If you take a stroll through the working neighborhoods of Turkey’s largest cities like Istanbul and Ankara, you’ll see street sellers serving steaming hot rice pilaf with chicken and chickpeas. Their two-wheeled vending carts are unmistakable, especially at lunchtime.

Rice pilaf with chicken and chickpeas, or ‘nohutlu pilavı’ (no-HOOT’-loo PEE’-lahv-uh), is popular on the streets because it’s very inexpensive. It also packs a lot of energy and nutrients if you’re working hard all day.

You can usually get a bowl of fresh pilaf and an ice-cold cup of the Turkish yogurt drink called ‘ayran’ (ai-RAHN’) for a few Turkish Lira or less.

Although it seems like a simple meal, it’s actually very delicious. Many families make it at home, especially for large gatherings. And you don’t need to make much else to go along with it. A fresh salad will do.

Rice and dried legumes like chickpeas are staples in Turkish cuisine and are some of the most popular Turkish ingredients. Go ahead and try Turkish rice pilaf with chicken and chickpeas for a simple, delicious meal all in one pot.


  • 1 1/2 whole chicken with skin

  • 1 carrot

  • 1 onion

  • 1 (15-ounce) can chickpeas

  • 2 tablespoons unsalted butter

  • 2 tablespoons olive oil

  • 1 1/2 cups short-grain rice

  • 2 cups chicken broth

  • 1 cup water

  • 2 teaspoons salt

  • 1/2 teaspoon freshly ground black pepper

Steps to Make It

  1. Place the ½ chicken in a pot and fill it with enough water to cover the chicken by one inch. Peel the carrot and the onion and place them in the pot. Bring the water to a boil, then reduce the heat and cover the pot. Let the chicken simmer gently until the meat is falling off the bones, about 30 minutes. Set it aside to cool.

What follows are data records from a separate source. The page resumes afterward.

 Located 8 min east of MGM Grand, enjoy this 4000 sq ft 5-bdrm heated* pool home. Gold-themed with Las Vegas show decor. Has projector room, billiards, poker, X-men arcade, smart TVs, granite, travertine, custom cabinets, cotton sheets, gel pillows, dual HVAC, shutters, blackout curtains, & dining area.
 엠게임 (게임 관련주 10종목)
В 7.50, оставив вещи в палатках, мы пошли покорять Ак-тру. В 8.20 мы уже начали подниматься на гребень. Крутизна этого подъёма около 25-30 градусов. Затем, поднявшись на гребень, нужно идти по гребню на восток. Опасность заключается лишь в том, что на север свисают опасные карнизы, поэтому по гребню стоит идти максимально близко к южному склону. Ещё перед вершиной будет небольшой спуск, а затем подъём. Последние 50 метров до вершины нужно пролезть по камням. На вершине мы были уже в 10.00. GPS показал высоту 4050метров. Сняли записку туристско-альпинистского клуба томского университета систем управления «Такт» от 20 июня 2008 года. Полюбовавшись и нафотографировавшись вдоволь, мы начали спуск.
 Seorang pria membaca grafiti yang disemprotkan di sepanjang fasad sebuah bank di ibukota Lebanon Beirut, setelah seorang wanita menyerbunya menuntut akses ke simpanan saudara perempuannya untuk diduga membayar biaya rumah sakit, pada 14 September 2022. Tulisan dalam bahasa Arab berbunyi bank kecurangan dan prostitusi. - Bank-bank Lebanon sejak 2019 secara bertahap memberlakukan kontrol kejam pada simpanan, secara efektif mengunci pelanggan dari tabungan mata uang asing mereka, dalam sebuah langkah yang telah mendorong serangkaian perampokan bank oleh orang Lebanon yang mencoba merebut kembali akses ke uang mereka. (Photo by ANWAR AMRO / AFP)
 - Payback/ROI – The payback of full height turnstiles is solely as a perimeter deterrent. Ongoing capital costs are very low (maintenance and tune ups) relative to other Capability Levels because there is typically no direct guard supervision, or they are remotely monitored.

  2. When the chicken is cool enough to handle, discard the onion and carrot. Remove the chicken from the broth and separate all the meat from the bones, Discard the bones, skin, and gristle. Strain the broth through a fine wire strainer and set it aside.

  3. Drain and rinse the chickpeas and set them aside. In a large, shallow pan, melt the butter together with the oil. Add the rice and work the oils through all the grains with a wooden spoon. On low heat, continue to ‘fry’ the dry rice for a few minutes.

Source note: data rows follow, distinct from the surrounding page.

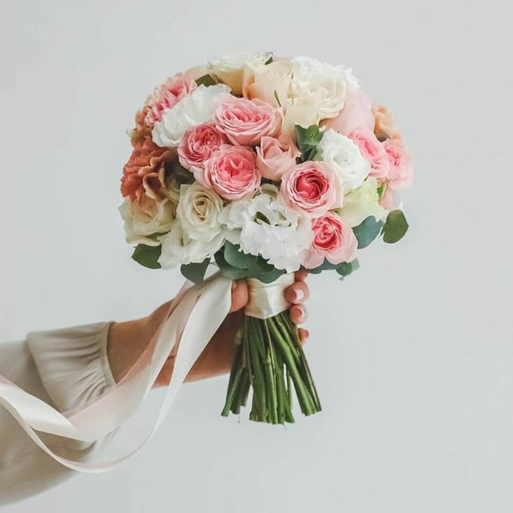 Букет невесты с розами и эустомой
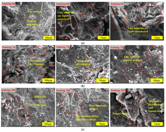 (3) In the SEM images of the sample soaked for 30 days (Figure 6c), the structure of the clay minerals loosens, leading to the formation of penetrative cracks between them. These cracks weaken the connections between particles and allow the cracks to expand and penetrate further.
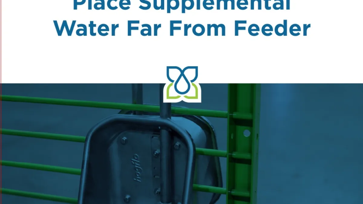 Always place supplemental water sources on the opposite side of your wet/dry feeders. This will allow your pen's “dirty” area to be farther from the feeder and will allow pigs to only look for supplemental water for an extra drink or to cool down on hot days, allowing the feeder nipples to be the primary source of water for your pigs. Because remember… when pigs drink – they eat!
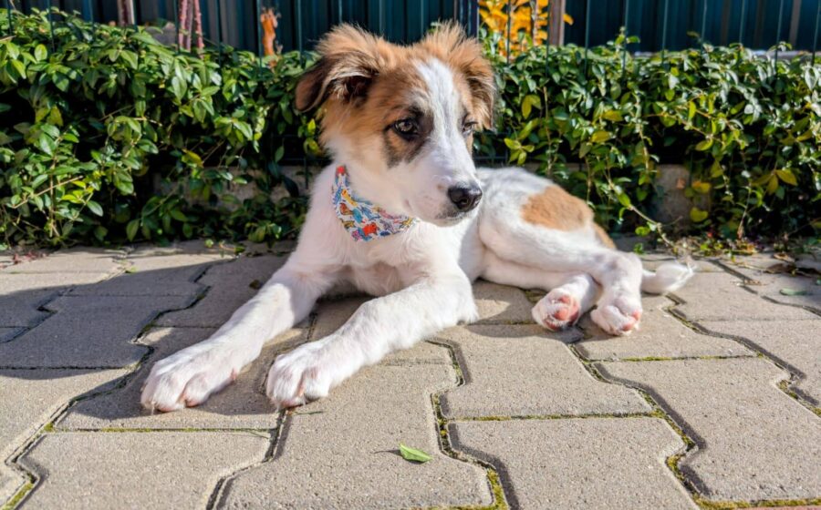 Seine Vorgeschichte ist leider weniger glänzend als sein Blick: Taloo wurde in sehr schlechtem Zustand, ganz allein, aufgefunden – viel zu dünn, geschwächt und dringend auf Hilfe angewiesen. Zum Glück durfte er sofort mit seiner Retterin nach Hause gehen und musste nicht ins Shelter, denn dort wäre es für ihn viel zu kalt gewesen. Dank Fürsorge, Wärme und regelmäßigen Mahlzeiten blüht er sichtbar auf und entwickelt sich jeden Tag ein Stück weiter.

  4. Add the chickpeas, chicken broth, water, salt and pepper. Bring the liquid to a boil, then reduce the heat and cover. Let the rice simmer very gently on low heat until all the liquid is absorbed.

  5. Turn off the heat. Open the top of the pan and arrange the chicken pieces over the top of the cooked rice. Do this quickly as you don’t want to lose too much steam. Replace the cover and let the rice continue to steam for about 10 minutes more.

  6. When you are ready to serve it, remove the lid. Using a large bowl as a mold, arrange the chicken pieces in the bottom and up the sides of the bowl. Using the wooden spoon, fill the bowl with the hot rice and gently pack it down to make it firm. When the bowl is full, turn it upside down on your serving plate. You can garnish the top with a sprinkle of chopped fresh herbs if you wish.

  7. Serve the rice piping hot with a glass of ice cold Turkish yogurt drink, called ‘ayran’ (ai-RAHN’).